[jupyter_autogen] support "Registers" section (#372)

dev_tools/qualtran_dev_tools/jupyter_autogen.py

@@ -109,6 +109,10 @@ def path_stem(self):
 class _GoogleDocstringToMarkdown(GoogleDocstring):
     """Subclass of sphinx's parser to emit Markdown from Google-style docstrings."""
 
+    def _load_custom_sections(self) -> None:
+        super()._load_custom_sections()
+        self._sections['registers'] = self._parse_registers_section
+
     def _parse_parameters_section(self, section: str) -> List[str]:
         """Sphinx method to emit a 'Parameters' section."""
 
@@ -130,6 +134,17 @@ def _parse_references_section(self, section: str) -> List[str]:
             '',
         ]
 
+    def _parse_registers_section(self, section: str) -> List[str]:
+        def _template(name, desc_lines):
+            desc = ' '.join(desc_lines)
+            return f' - `{name}`: {desc}'
+
+        return [
+            '#### Registers',
+            *[_template(name, desc) for name, _type, desc in self._consume_fields()],
+            '',
+        ]
+
 
 def get_markdown_docstring_lines(cls: Type) -> List[str]:
     """From a class `cls`, return its docstring as Markdown."""

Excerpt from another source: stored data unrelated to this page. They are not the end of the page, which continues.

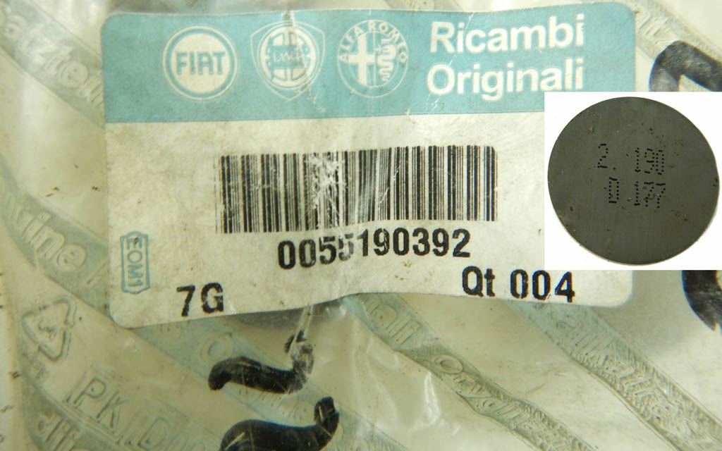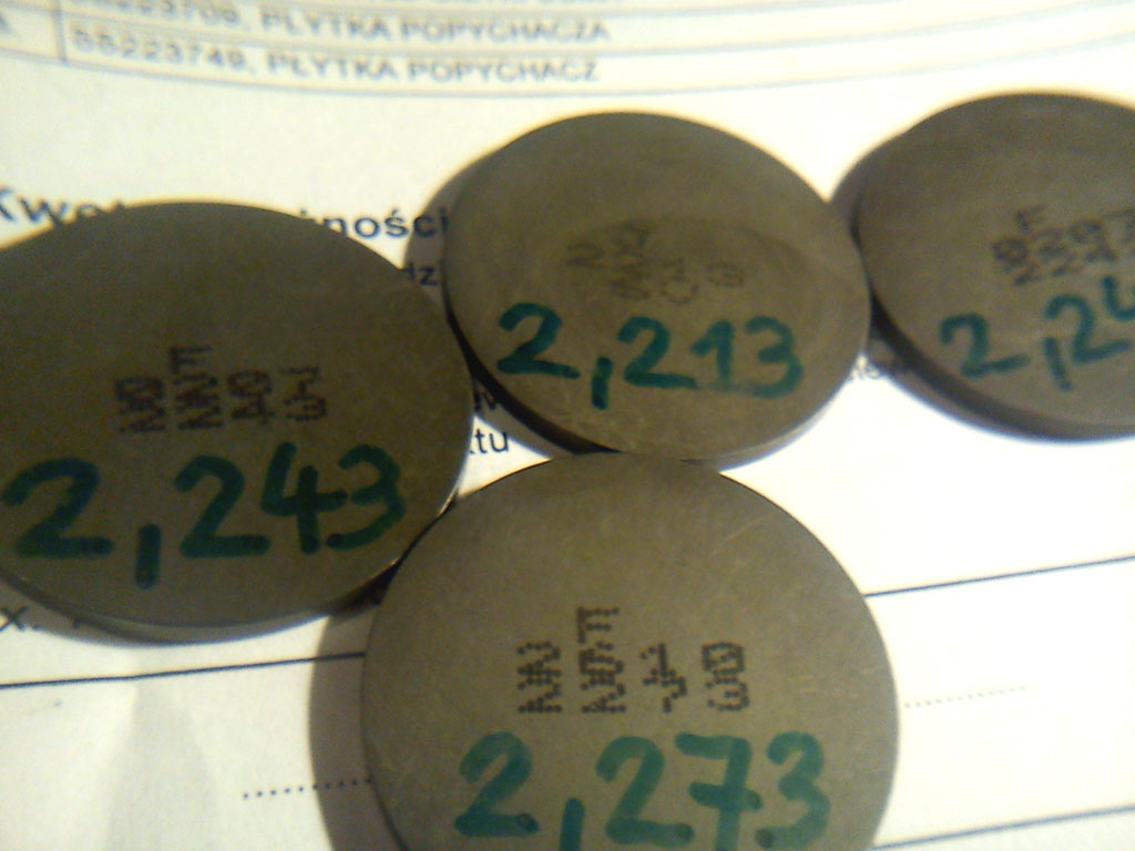 Czyli można dać 3 płytki 2,20 w miejsce obliczonych 2,21/22/23 oraz jedną 2,25 jako wyliczone 2,27. To znaczy z dwojga złego idziemy z tolerancją luzu "na plus" (większy luz = "za cienka" płytka). Wadą może być głośniejsza praca rozrządu (szczególnie na zimno), więc to też takie dobre nie jest. W sytuacji podbramkowej, klęska żywiołowa, koniec świata, itp., można by dokonać podmiany istniejących płytek z wydechu cylindra 4 na drugi (czyli wyjąć 2,333 i wstawić w miejsce obliczonego 2,268, luz byłby wtedy za ciasny o jakieś 6 setek). 16. Zakres grubości płytek w nowych Fiatach poszedł w dół (2-3 mm), średnica została. Starsze modele miały grubsze płytki (3-4 do 5 mm nawet), rynek jest obecnie zalany nimi, grubymi (można kupić wszystkie wymiary, hurtowo, w detalu, nowe, używane - dla nas, do Grande, są niestety bezużyteczne). Cienkich płytek prawie że brak. Jak ktoś zna przyczynę tej patologii, to niech napisze. Załącznik: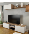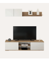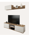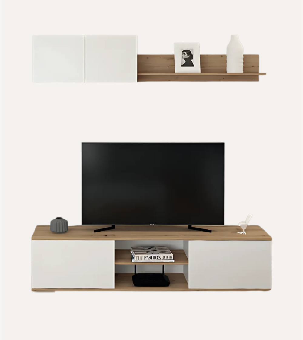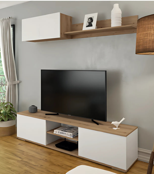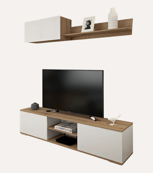 La composición incluye dos elementos principales: un módulo montado en la pared y un soporte para TV. Ambos están diseñados para maximizar el espacio sin sacrificar el estilo.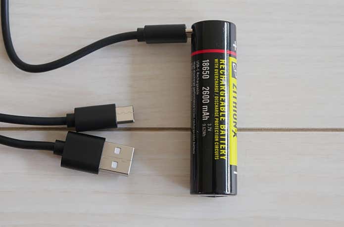 その専用電池は上画像の通り、USBタイプCの付属ケーブルで充電します。この付属ケーブルは、うれしいことに給電側にタイプAとCのコネクターが用意されているので、手持ちのモバイルバッテリーの接続がどちらであっても使用できます!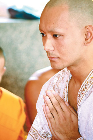 這15天中,Tae每天早上4點(diǎn)半起床念經(jīng),然后光腳到附近住家拿取米飯回寺廟,再到民宅念經(jīng)祈福。他在寺廟中沒有姓名也沒有階級(jí),日日跟著師父誦經(jīng)、打坐,他說(shuō):“我選在一個(gè)很偏僻的廟中出家,山上很冷,頂著光頭常讓我發(fā)抖,但因?yàn)檫@段時(shí)間我日日伴佛,心情變得很平靜!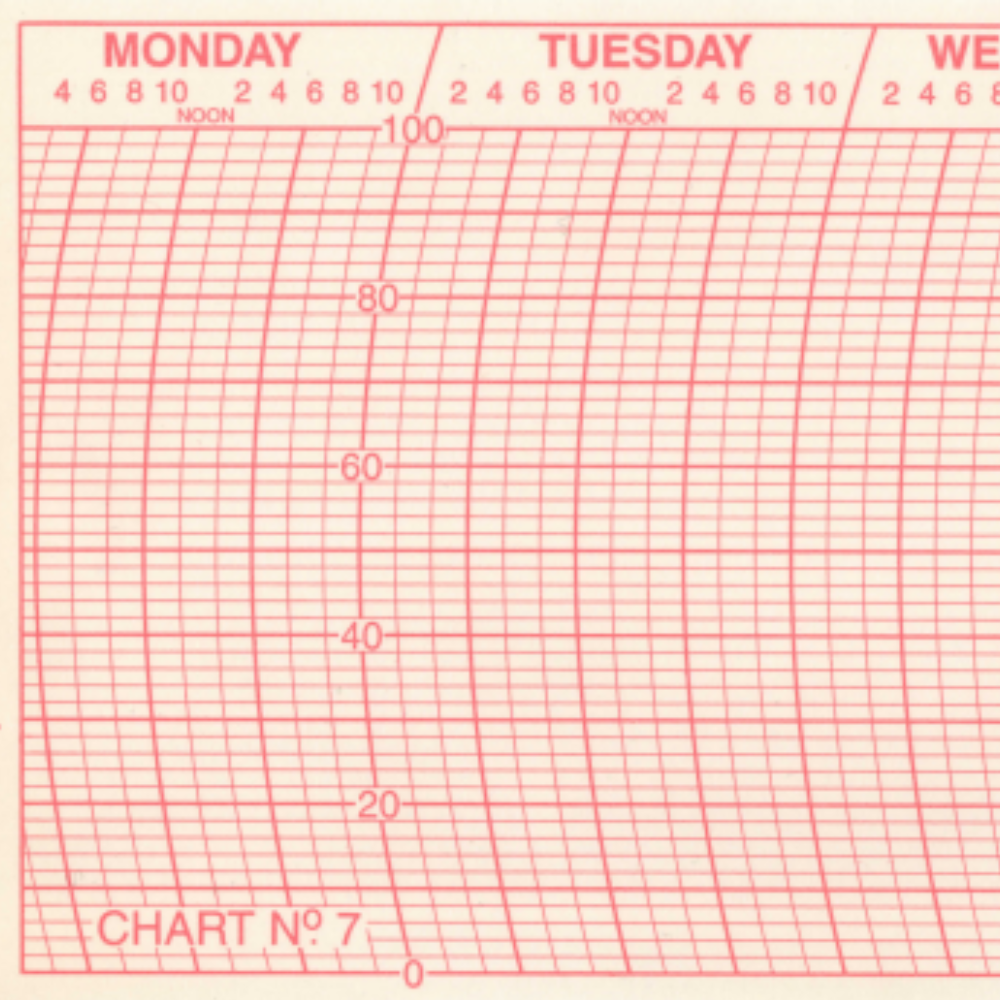 Traditional non-adhesive hygrograph charts ideal for recording drums that have a clip to hold the chart in place. If your drum recorder does not have a clip we suggest using our chart tape to hold the sheets in place.

qualtran/bloqs/and_bloq.ipynb

@@ -39,9 +39,9 @@
     " - `cv1`: Whether the first bit is a positive control.\n",
     " - `cv2`: Whether the second bit is a positive control. \n",
     "\n",
-    "Registers:\n",
-    " - ctrl: A two-bit control register.\n",
-    " - (right) target: The output bit.\n",
+    "#### Registers\n",
+    " - `ctrl`: A two-bit control register.\n",
+    " - `target [right]`: The output bit. \n",
     "\n",
     "#### References\n",
     "(Encoding Electronic Spectra in Quantum Circuits with Linear T Complexity)[https://arxiv.org/abs/1805.03662]. Babbush et. al. 2018. Section III.A. and Fig. 4. (Verifying Measurement Based Uncomputation)[https://algassert.com/post/1903]. Gidney, C. 2019.\n"
@@ -126,10 +126,10 @@
     "#### Parameters\n",
     " - `cvs`: A tuple of control variable settings. Each entry specifies whether that control line is a \"positive\" control (`cv[i]=1`) or a \"negative\" control `0`. \n",
     "\n",
-    "Registers:\n",
-    " - ctrl: An n-bit control register.\n",
-    " - (right) An `n-2` bit junk register to be cleaned up by the inverse operation.\n",
-    " - (right) target: The output bit."
+    "#### Registers\n",
+    " - `ctrl`: An n-bit control register.\n",
+    " - `junk [right]`: An `n-2` bit junk register to be cleaned up by the inverse operation.\n",
+    " - `target [right]`: The output bit.\n"
    ]
   },
   {

qualtran/bloqs/and_bloq.py

@@ -38,8 +38,8 @@ class And(Bloq):
         cv2: Whether the second bit is a positive control.
 
     Registers:
-     - ctrl: A two-bit control register.
-     - (right) target: The output bit.
+        ctrl: A two-bit control register.
+        target [right]: The output bit.
 
     References:
         (Encoding Electronic Spectra in Quantum Circuits with Linear T Complexity)[https://arxiv.org/abs/1805.03662].
@@ -137,9 +137,9 @@ class MultiAnd(Bloq):
             control line is a "positive" control (`cv[i]=1`) or a "negative" control `0`.
 
     Registers:
-     - ctrl: An n-bit control register.
-     - (right) An `n-2` bit junk register to be cleaned up by the inverse operation.
-     - (right) target: The output bit.
+        ctrl: An n-bit control register.
+        junk [right]: An `n-2` bit junk register to be cleaned up by the inverse operation.
+        target [right]: The output bit.
     """
 
     cvs: Tuple[int, ...] = field(validator=lambda i, f, v: len(v) >= 3, converter=tuple)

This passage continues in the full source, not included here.